The issue I have with recent versions can be found in PR, I'm not going to double post. For me it seems a bit ridiculous this bug was not fixed by proper port maintainer. So I'm thinking maybe I'm the problem here... 

And hence my question: are you using qemu with ncurses , and if so, do you have any problems with it?


----------



## Snurg (Jan 9, 2018)

I know it's no big help and I might be totally wrong in this case.

I had some time ago a problem because a port was failing to build.
Problem was in the linker stage.
Only solution was to compile without linking and then do a separate linker run, with explicitly specifying the correct libraries to use.

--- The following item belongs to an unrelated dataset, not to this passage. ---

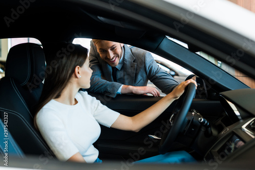 selective focus of smiling woman sitting in car near bearded man in car showroom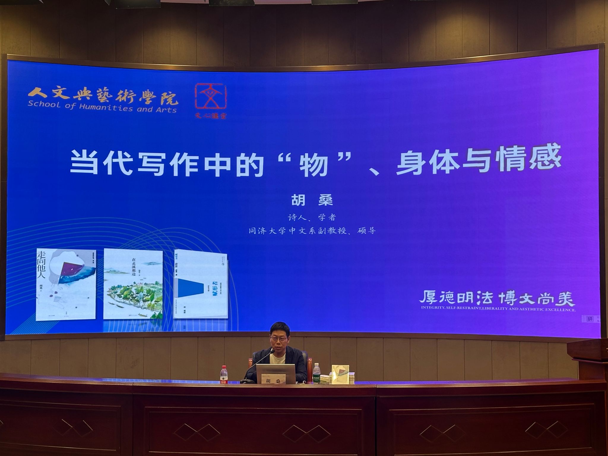 为探索当代文学创作新方向,4月25日下午2点,英国beat365官方网站在第一报告厅开展文心讲堂之“当代写作中的‘物’、身体与情感”。本次活动特别邀请了同济大学中文系副教授胡桑老师,英国beat365官方网站80余名师生现场认真聆听。

Cause/Background of the problem probably was mixing ports and packages, leading to incompatible lib versions.
So, maybe switching FreeBSD.conf from *quarterly* to *latest* and then running `pkg update` could solve this problem by updating pkg libraries to latest, so they are on sync with ports.


----------



## _martin (Jan 9, 2018)

You are not wrong .. If you read the last posts in that PR I did you'll see I'm talking about the same issue. If I omit prepocessor issue (which is weird why nobody else reported a problem) it boils down to the linking issue. 

Port itself has some faulty logic during configuration stage, pkg-config returns paths for ncurses from ports when present. The whole package is built against port library and linked together with a system one. That produces garbled output when qemu is started and is unusable. 

Linker flags are -L"/usr/lib" -L"/usr/local/lib" which makes it a problem to link to a proper library when you want to use ports. I had to manually edit the linker flags to be the other way around ( -L"/usr/local/lib" -L"/usr/lib"  ) to link it successfully. Problem is what if you have some other library you want to use from system first ? I'm not aware of any library like that, only ncurses, but still ..


----------



## Snurg (Jan 9, 2018)

Yes I read your PR. And this reminded me of the ordeal of getting Firefox built back then.
I had installed it via pkg, deleted it later and tried to build it via ports, because I wanted to experiment a bit with sessionstore.js due to a bug in regard to FVWM.
As it was only one library that caused problems, I finally solved it by building that single library, putting its path at the beginning of the linker paths list.

But I suspect this wouldn't have been necessary if I had switched from quarterly to latest versions in FreeBSD.conf.
I have somehow the feeling that most of the problems with mixing pkg and ports are related to the fact that ports are always "latest", *and so one will run into problems unless s/he switches FreeBSD.conf to "latest" immediately after base system install.*


----------



## _martin (Jan 9, 2018)

Note I'm using the "latest", or current for ports (daily portsnap) and don't mix the pkg vs port install. I think this port is just broken, but I really like to hear other voices and their experience with such installation of qemu.


----------